═══ RECORDS PROVIDED

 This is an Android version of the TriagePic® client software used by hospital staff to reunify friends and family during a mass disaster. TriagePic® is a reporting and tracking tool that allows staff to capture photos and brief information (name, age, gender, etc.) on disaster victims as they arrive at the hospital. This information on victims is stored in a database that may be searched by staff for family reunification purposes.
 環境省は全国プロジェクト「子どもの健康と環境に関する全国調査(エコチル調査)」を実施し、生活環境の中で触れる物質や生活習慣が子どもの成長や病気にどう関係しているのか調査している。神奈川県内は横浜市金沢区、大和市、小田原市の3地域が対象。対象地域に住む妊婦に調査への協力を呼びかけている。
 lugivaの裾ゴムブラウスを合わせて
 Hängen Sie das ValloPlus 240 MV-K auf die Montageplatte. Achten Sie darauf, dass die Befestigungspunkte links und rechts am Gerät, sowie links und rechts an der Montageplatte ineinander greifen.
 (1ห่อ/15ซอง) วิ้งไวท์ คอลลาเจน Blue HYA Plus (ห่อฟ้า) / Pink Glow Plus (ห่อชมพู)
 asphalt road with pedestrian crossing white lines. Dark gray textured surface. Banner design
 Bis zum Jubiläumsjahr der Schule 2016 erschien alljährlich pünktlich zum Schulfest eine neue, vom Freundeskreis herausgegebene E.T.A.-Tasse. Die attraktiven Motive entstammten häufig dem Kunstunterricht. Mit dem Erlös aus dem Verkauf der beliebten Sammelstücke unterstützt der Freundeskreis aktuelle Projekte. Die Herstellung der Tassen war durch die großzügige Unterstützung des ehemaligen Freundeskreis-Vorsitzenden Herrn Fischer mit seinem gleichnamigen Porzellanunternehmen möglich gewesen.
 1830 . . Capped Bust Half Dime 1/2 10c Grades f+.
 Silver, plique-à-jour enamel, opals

══════
═══ RECORDS PROVIDED

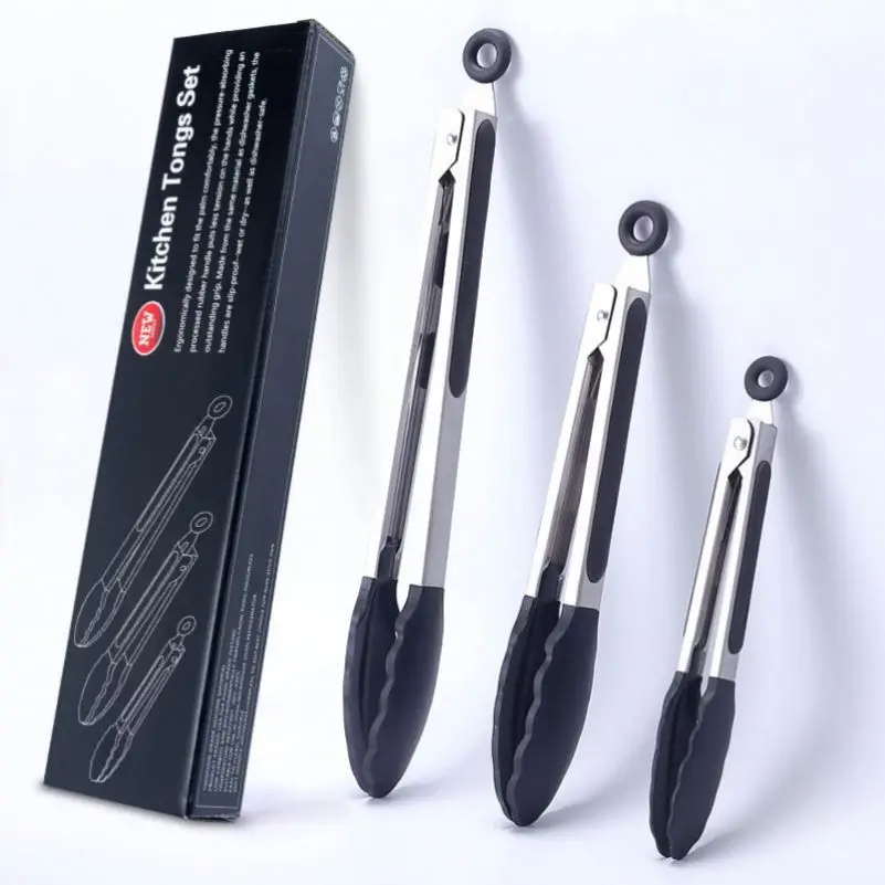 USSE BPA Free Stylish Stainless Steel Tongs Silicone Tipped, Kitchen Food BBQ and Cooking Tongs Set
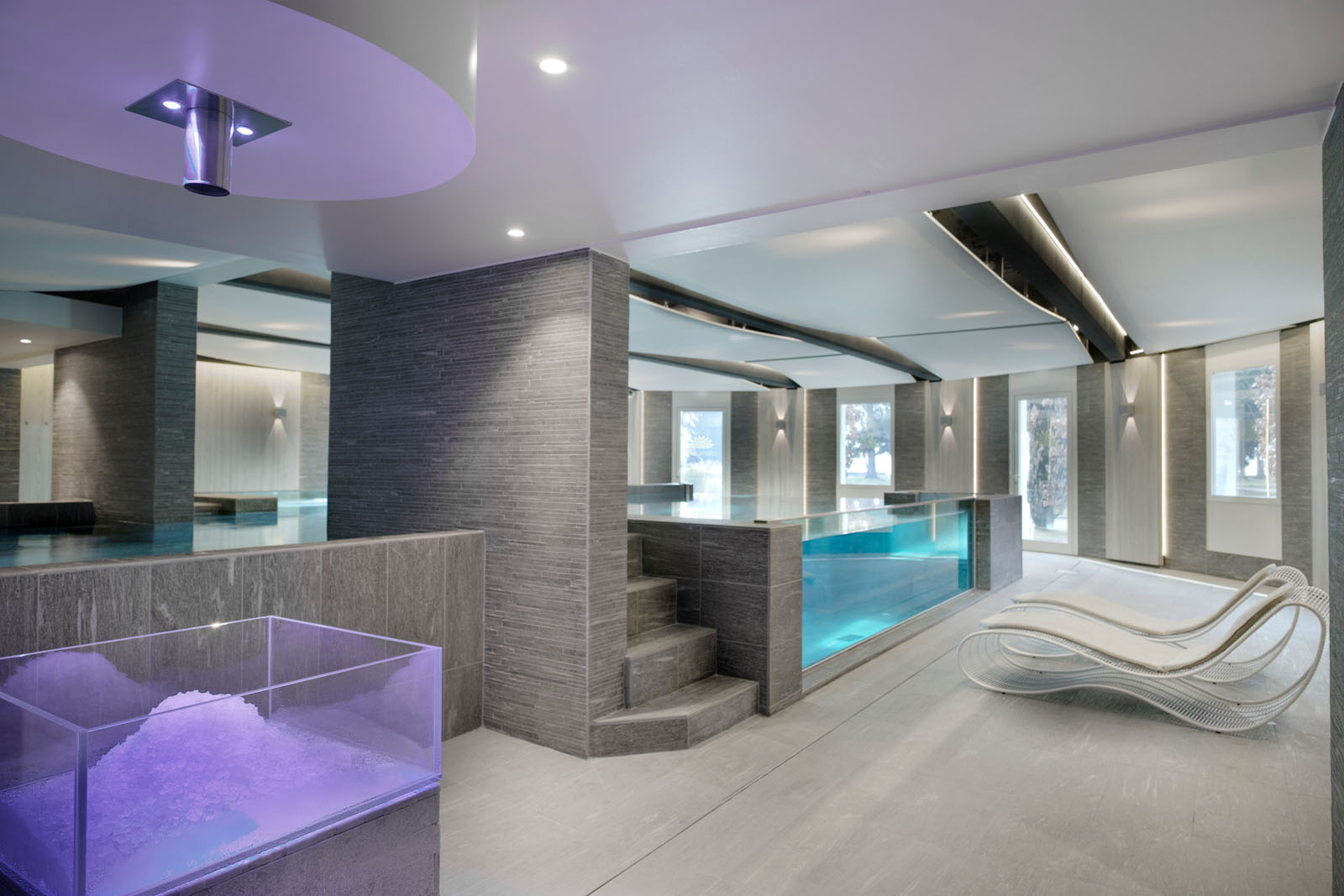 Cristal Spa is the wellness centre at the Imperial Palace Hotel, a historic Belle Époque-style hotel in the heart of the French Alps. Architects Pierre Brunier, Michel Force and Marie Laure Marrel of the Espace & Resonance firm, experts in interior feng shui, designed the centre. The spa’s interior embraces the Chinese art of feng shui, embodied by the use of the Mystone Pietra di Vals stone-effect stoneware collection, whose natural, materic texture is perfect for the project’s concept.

══════

Everything starting at the line containing "lugivaの裾ゴムブラウスを合わせて" and ending at the line containing "Silver, plique-à-jour enamel, opals" in the records above should be repeated exactly, and only that.

 lugivaの裾ゴムブラウスを合わせて
 Hängen Sie das ValloPlus 240 MV-K auf die Montageplatte. Achten Sie darauf, dass die Befestigungspunkte links und rechts am Gerät, sowie links und rechts an der Montageplatte ineinander greifen.
 (1ห่อ/15ซอง) วิ้งไวท์ คอลลาเจน Blue HYA Plus (ห่อฟ้า) / Pink Glow Plus (ห่อชมพู)
 asphalt road with pedestrian crossing white lines. Dark gray textured surface. Banner design
 Bis zum Jubiläumsjahr der Schule 2016 erschien alljährlich pünktlich zum Schulfest eine neue, vom Freundeskreis herausgegebene E.T.A.-Tasse. Die attraktiven Motive entstammten häufig dem Kunstunterricht. Mit dem Erlös aus dem Verkauf der beliebten Sammelstücke unterstützt der Freundeskreis aktuelle Projekte. Die Herstellung der Tassen war durch die großzügige Unterstützung des ehemaligen Freundeskreis-Vorsitzenden Herrn Fischer mit seinem gleichnamigen Porzellanunternehmen möglich gewesen.
 1830 . . Capped Bust Half Dime 1/2 10c Grades f+.
 Silver, plique-à-jour enamel, opals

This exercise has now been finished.